Each directory contains a single file, `model_ema_bf16.pth`, which is the EMA
weights cast to bfloat16 β€” the format the inference scripts load by default.

## VAE / encoder weights

These are the per-backbone encoder (and, where applicable, original decoder)
weights that PiD pairs with. They're hosted here so a single download brings
everything needed end-to-end.

| Path                            | Description                                                                          |
|---------------------------------|--------------------------------------------------------------------------------------|
| `checkpoints/ae.safetensors`    | Flux1-dev / Z-Image 16-ch VAE (encoder + original Flux decoder).                     |
| `checkpoints/flux2_ae.safetensors` | Flux2-dev 128-ch BN VAE.                                                          |
| `checkpoints/sd3_vae/`          | SD3 medium 16-ch VAE in diffusers format.                                            |
| `checkpoints/rae/`              | DINOv2-B image encoder + RAE ViT-XL decoder + ImageNet-512 normalization statistics. |
| `checkpoints/scale_rae/`        | SigLIP-2 So400M encoder + Scale-RAE ViT-XL decoder + decoder config.                 |

## Usage

The decoder checkpoints are loaded by the inference scripts in the PiD
codebase.
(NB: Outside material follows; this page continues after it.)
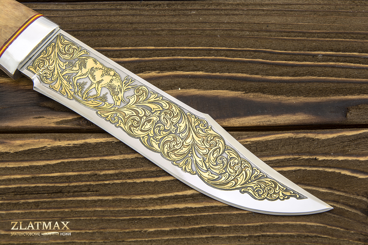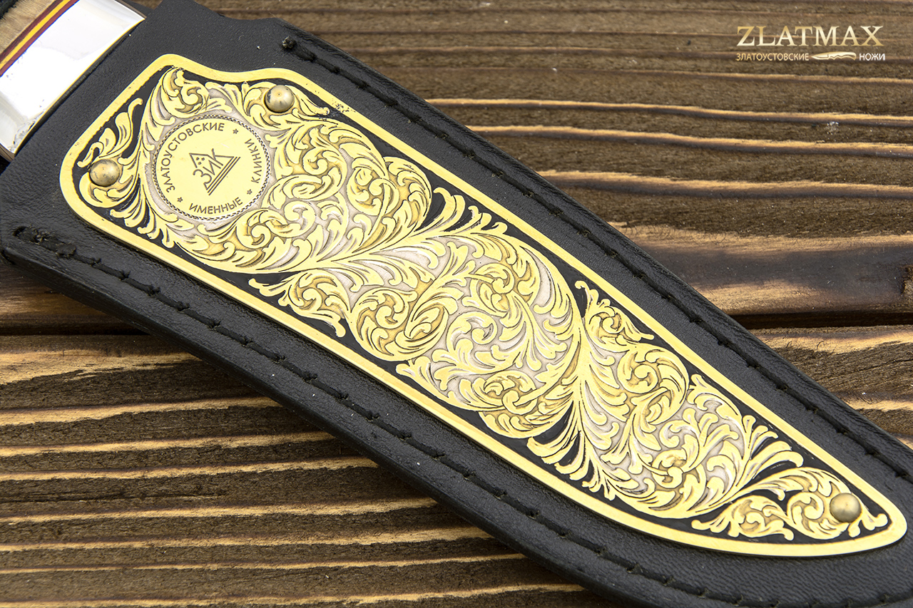 Нож Акела в подарочном исполнении. На клинке изображен рисунок в технике златоустовской гравюры на стали, покрыт золотом. В комплекте поставки идут кожаные ножны с металлической накладкой, на которой так же есть орнамент, покрытый золотом. Клинок выполнен из нержавеющей стали, поэтому нож остается практичным и его можно использовать по прямому назначению.

The exact `(backbone, ckpt_type) β†’ path` mapping is the single source
of truth in
[`pid/_src/inference/checkpoint_registry.py`](https://github.com/) β€” clone the
repo, point it at this snapshot, and the demos pick the right file
automatically:

```bash
# Pull just the checkpoints/ tree into the repo root (skips this README and
# the teaser figure so they don't clobber the files in the source repo).
hf download nvidia/PiD --local-dir . --include "checkpoints/*"

# Then run any of the demos, e.g.:
PYTHONPATH=. python -m pid._src.inference.from_ldm_flux \
    --prompt "A photorealistic cat" \
    --ldm_inference_steps 28 --save_xt_steps 22 24 26 \
    --output_dir ./results/demo \
    --cfg_scale 1 --pid_inference_steps 4 --scale 4
```

Pick the `2kto4k` variant via `--pid_ckpt_type 2kto4k` when decoding at 4K.

## License

Released under the **Apache License 2.0**. Copyright 2026 NVIDIA Corporation
& Affiliates. See the `LICENSE` file in the source repository for the full
text.

The upstream encoder backbones (DINOv2, SigLIP-2, Flux, SD3, Z-Image) and their
weights remain under their own original licenses; PiD's Apache-2.0 release
covers only the PiD decoder weights and code.